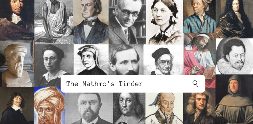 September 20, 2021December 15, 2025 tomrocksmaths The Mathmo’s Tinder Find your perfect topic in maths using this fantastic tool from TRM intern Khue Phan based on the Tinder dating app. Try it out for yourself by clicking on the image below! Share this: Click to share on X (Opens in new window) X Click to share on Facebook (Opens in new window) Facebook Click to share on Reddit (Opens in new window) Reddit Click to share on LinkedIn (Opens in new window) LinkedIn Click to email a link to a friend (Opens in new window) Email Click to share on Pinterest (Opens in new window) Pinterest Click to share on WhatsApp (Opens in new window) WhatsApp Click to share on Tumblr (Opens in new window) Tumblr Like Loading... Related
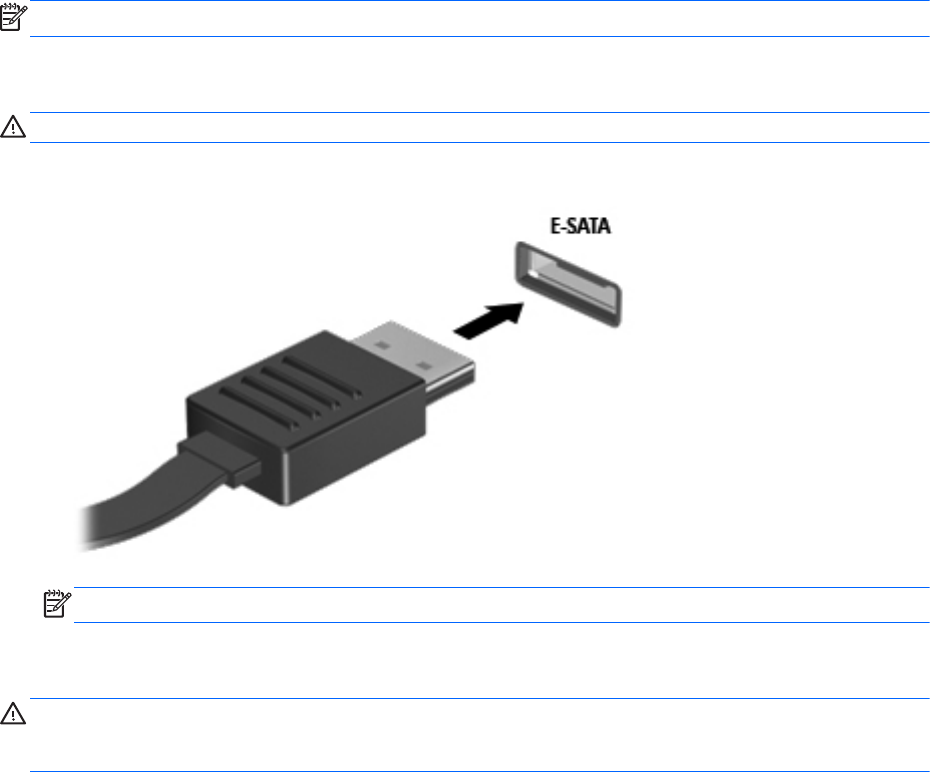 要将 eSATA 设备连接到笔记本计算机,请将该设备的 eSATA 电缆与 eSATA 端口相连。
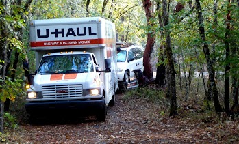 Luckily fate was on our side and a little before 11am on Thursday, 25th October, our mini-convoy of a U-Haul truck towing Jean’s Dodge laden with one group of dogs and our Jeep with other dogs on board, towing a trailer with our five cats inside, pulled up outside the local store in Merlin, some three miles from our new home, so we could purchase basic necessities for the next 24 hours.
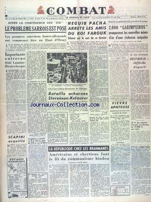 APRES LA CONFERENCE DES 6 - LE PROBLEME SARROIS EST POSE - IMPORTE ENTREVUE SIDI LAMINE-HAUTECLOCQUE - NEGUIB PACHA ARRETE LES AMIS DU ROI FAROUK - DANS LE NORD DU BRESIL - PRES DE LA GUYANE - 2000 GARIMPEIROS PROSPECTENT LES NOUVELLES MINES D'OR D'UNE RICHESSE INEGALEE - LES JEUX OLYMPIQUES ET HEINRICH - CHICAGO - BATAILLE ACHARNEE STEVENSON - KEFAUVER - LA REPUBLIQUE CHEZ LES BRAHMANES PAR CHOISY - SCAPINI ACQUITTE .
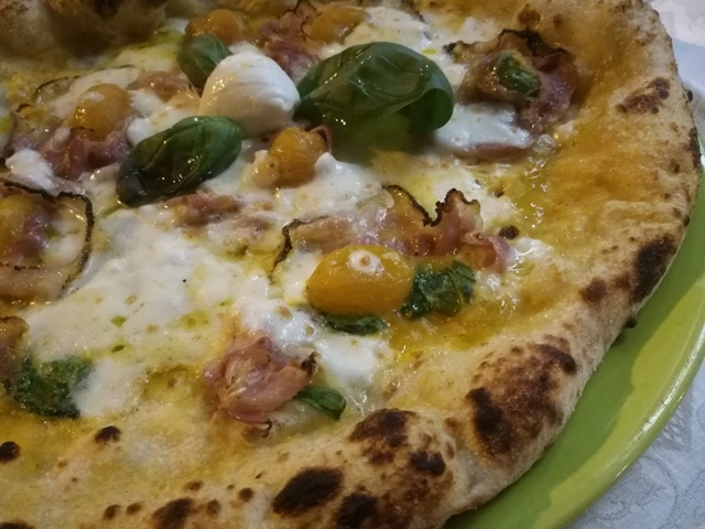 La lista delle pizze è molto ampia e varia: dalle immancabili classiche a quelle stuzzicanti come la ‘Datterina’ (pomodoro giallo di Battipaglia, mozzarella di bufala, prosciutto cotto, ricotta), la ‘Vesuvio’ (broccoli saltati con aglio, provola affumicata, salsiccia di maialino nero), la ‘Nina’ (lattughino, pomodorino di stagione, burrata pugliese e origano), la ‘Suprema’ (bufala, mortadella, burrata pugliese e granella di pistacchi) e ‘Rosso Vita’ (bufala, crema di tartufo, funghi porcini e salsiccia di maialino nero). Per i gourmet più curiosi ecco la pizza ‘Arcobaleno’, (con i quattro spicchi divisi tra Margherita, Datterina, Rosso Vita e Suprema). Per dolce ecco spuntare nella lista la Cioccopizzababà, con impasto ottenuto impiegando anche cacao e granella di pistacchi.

--

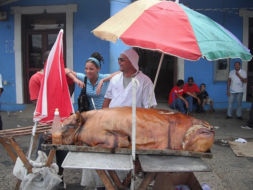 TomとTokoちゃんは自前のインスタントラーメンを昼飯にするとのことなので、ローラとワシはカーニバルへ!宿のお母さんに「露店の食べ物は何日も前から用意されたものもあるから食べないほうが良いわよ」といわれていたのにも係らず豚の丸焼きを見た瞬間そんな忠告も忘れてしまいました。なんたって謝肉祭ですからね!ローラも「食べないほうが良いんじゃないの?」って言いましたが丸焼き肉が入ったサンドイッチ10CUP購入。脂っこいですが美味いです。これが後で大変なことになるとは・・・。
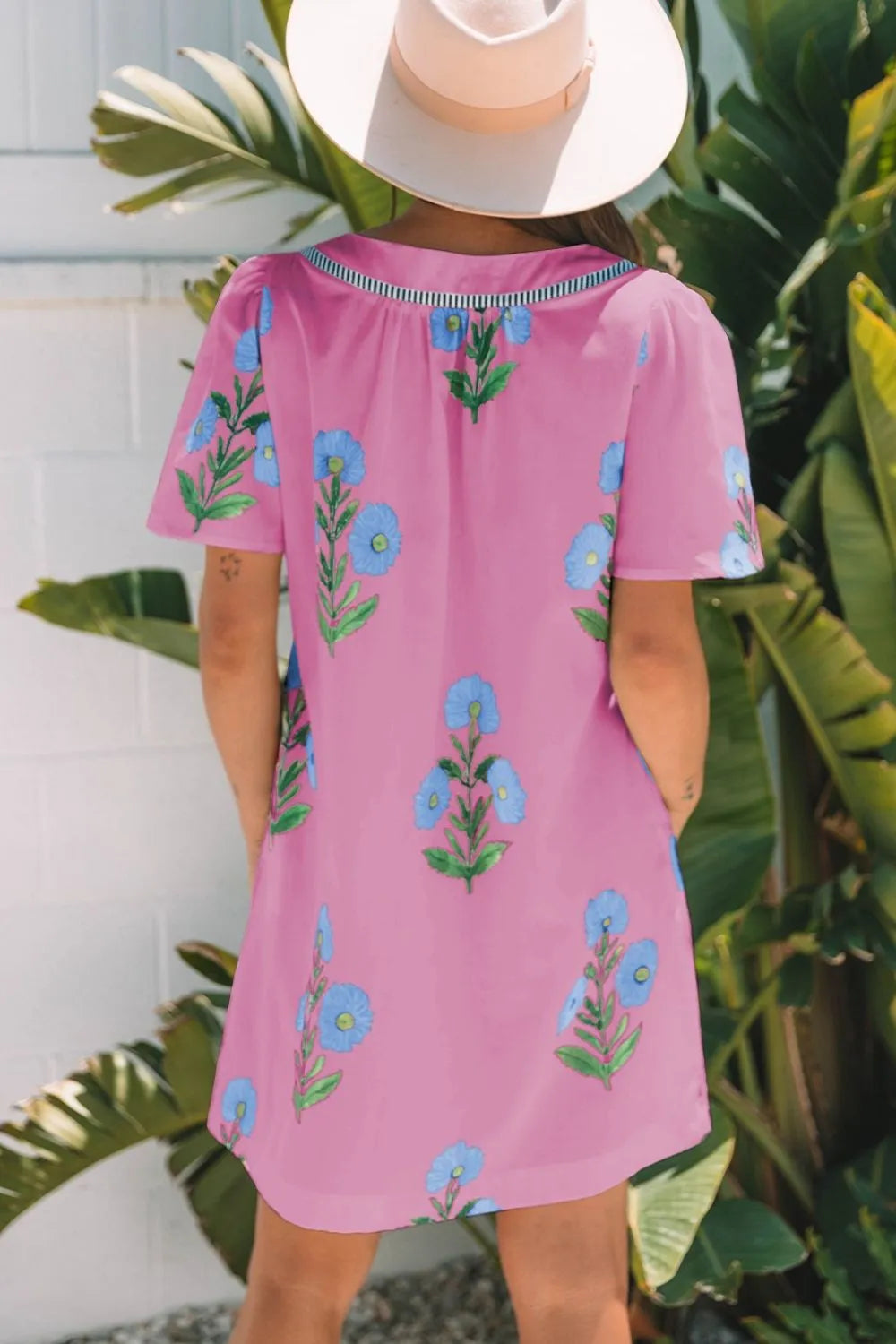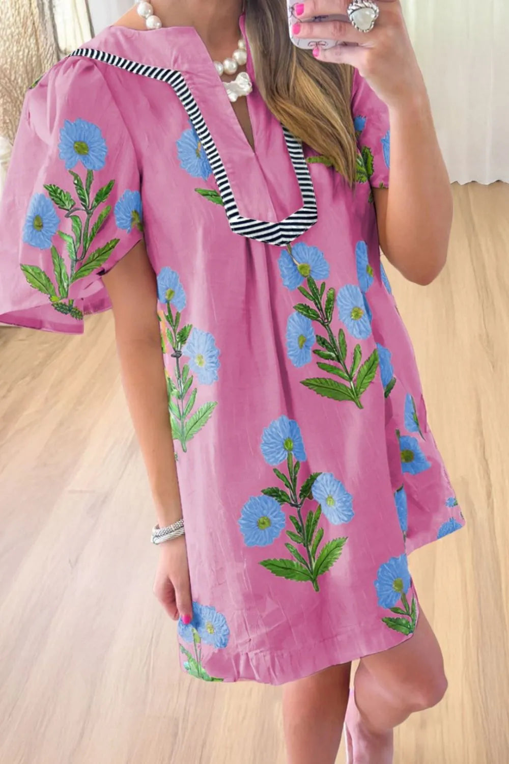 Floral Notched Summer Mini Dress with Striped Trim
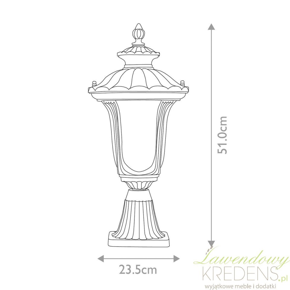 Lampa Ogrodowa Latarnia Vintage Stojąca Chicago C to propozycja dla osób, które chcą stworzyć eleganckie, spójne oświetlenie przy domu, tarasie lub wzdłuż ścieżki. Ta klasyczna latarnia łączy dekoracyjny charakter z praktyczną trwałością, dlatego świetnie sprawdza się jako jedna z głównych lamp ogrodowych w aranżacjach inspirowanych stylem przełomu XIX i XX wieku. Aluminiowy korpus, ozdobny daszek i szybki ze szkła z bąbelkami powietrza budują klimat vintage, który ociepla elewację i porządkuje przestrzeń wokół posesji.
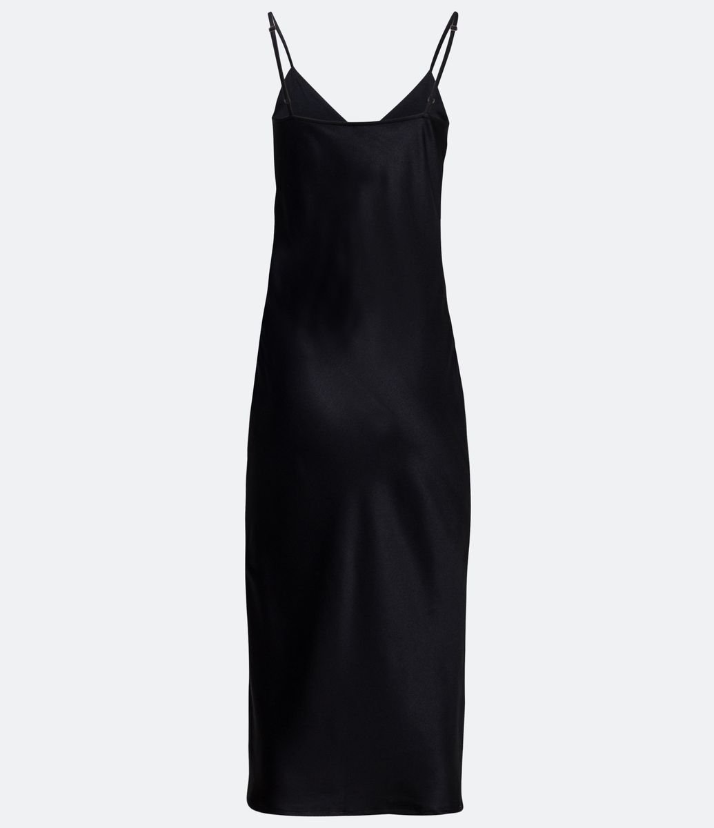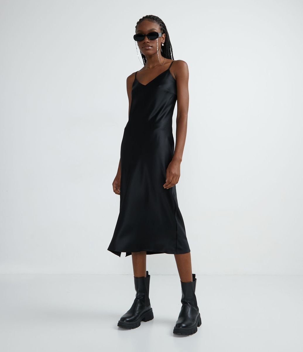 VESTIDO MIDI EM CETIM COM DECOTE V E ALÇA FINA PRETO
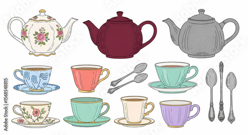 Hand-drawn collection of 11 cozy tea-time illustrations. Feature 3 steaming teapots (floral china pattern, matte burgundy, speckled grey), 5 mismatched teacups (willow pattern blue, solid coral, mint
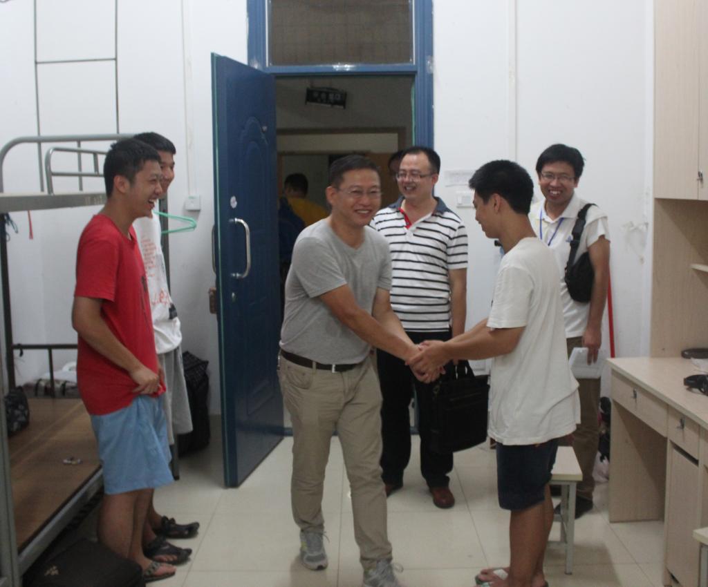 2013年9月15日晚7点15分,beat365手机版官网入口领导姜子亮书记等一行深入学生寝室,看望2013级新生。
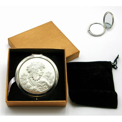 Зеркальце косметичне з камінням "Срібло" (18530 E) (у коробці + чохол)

Your goal:
Reproduce the data above exactly, but only from the line containing "September 20, 2021December" through the line containing "要将 eSATA 设备连接到笔记本计算机,请将该设备的". Omit all pictures.

Task result:
 September 20, 2021December 15, 2025 tomrocksmaths The Mathmo’s Tinder Find your perfect topic in maths using this fantastic tool from TRM intern Khue Phan based on the Tinder dating app. Try it out for yourself by clicking on the image below! Share this: Click to share on X (Opens in new window) X Click to share on Facebook (Opens in new window) Facebook Click to share on Reddit (Opens in new window) Reddit Click to share on LinkedIn (Opens in new window) LinkedIn Click to email a link to a friend (Opens in new window) Email Click to share on Pinterest (Opens in new window) Pinterest Click to share on WhatsApp (Opens in new window) WhatsApp Click to share on Tumblr (Opens in new window) Tumblr Like Loading... Related
 要将 eSATA 设备连接到笔记本计算机,请将该设备的 eSATA 电缆与 eSATA 端口相连。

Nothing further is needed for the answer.